International Journal of Computational Intelligence Research (IJCIR)

Volume 1, Number 1 (2005)



Approximation Capabilities of Hierarchical Neural-Fuzzy Systems for 

Function Approximation on Discrete Spaces

Xiao-Jun Zeng

School of Informatics University of Manchester, U.K.


John Yannis Goulermas
Department of Electrical Engineering and Electronics University of Liverpool, U.K.


John A Keane

School of Informatics University of Manchester, U.K.


Panos Liatsis

Information and Biomedical Engineering Centre School of Engineering and Mathematical Sciences City University, London EC1V 0HB, U.K.

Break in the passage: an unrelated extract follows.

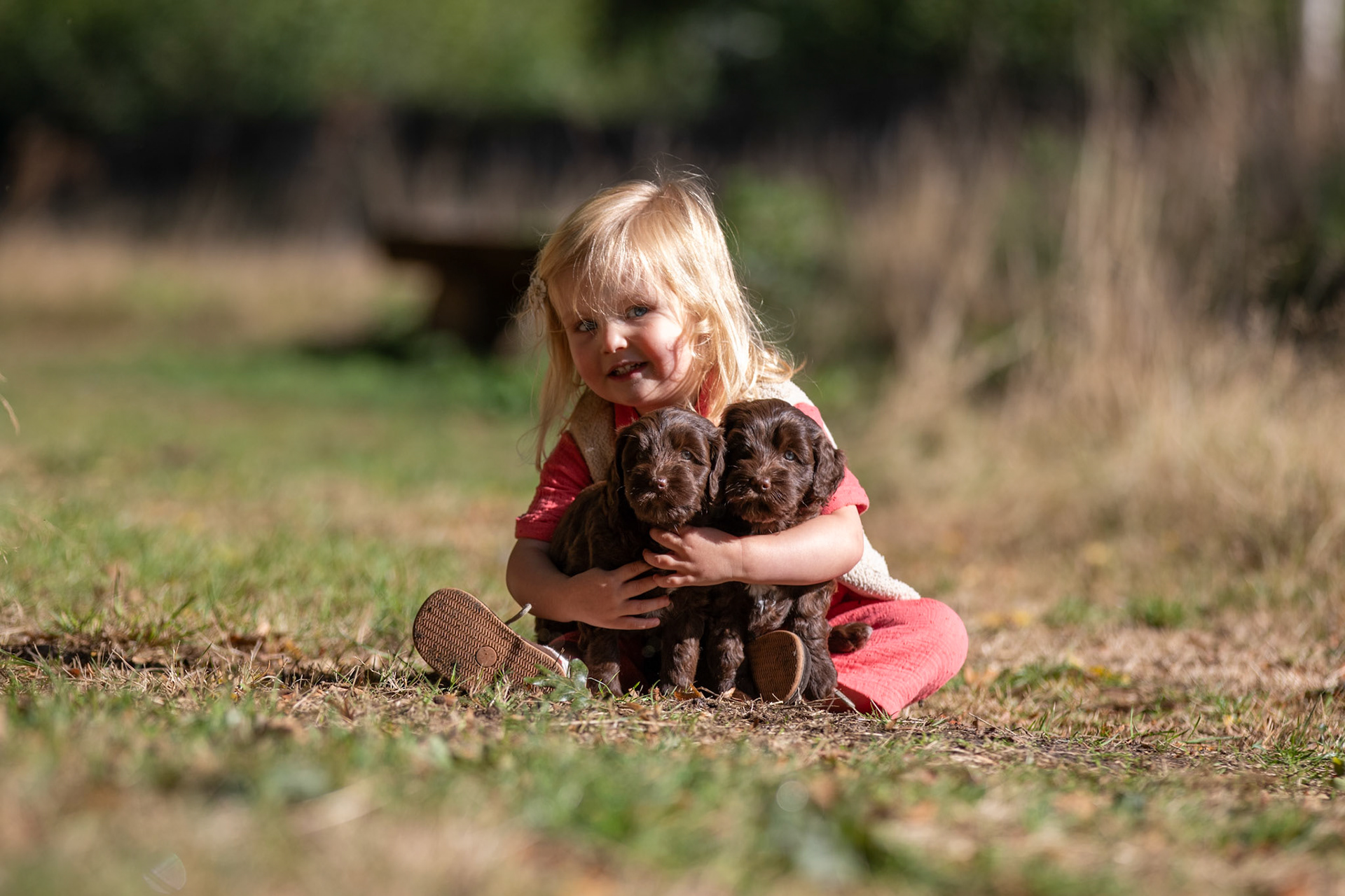 We zijn eventjes met de pups naar de groenstrook tegenover ons huis gegaan om foto's te maken. De eerste keer van huis weg, en ze waren best stoer de omgeving aan het ontdekken! En natuurlijk helpt Loïs goed mee om de pups in de gaten te houden, en wilde ze graag even op de foto met de twee bruine meisjes,

This paper investigates function approximation on discrete input spaces by both neural networks and neural-fuzzy systems. Rather than use existing neural networks for function approximation on continuous input spaces, this paper proposes, based on a hierarchical systematic perspective, four simplified approximation schemes: simplified neural networks, extended simplified neural networks, simple hierarchical neural-fuzzy systems and hierarchical neural-fuzzy systems. Each scheme is proven to be a universal approximator (i.e., each can approximate any function on discrete input spaces to any degree of accuracy). The results provide both several new and simpler approximation schemes for function approximation on discrete spaces and show that there exist simpler and more effective methods for function approximation on discrete spaces compared with continuous spaces.



Neural Networks, Fuzzy Systems, Neural-Fuzzy Systems, Hierarchical systems.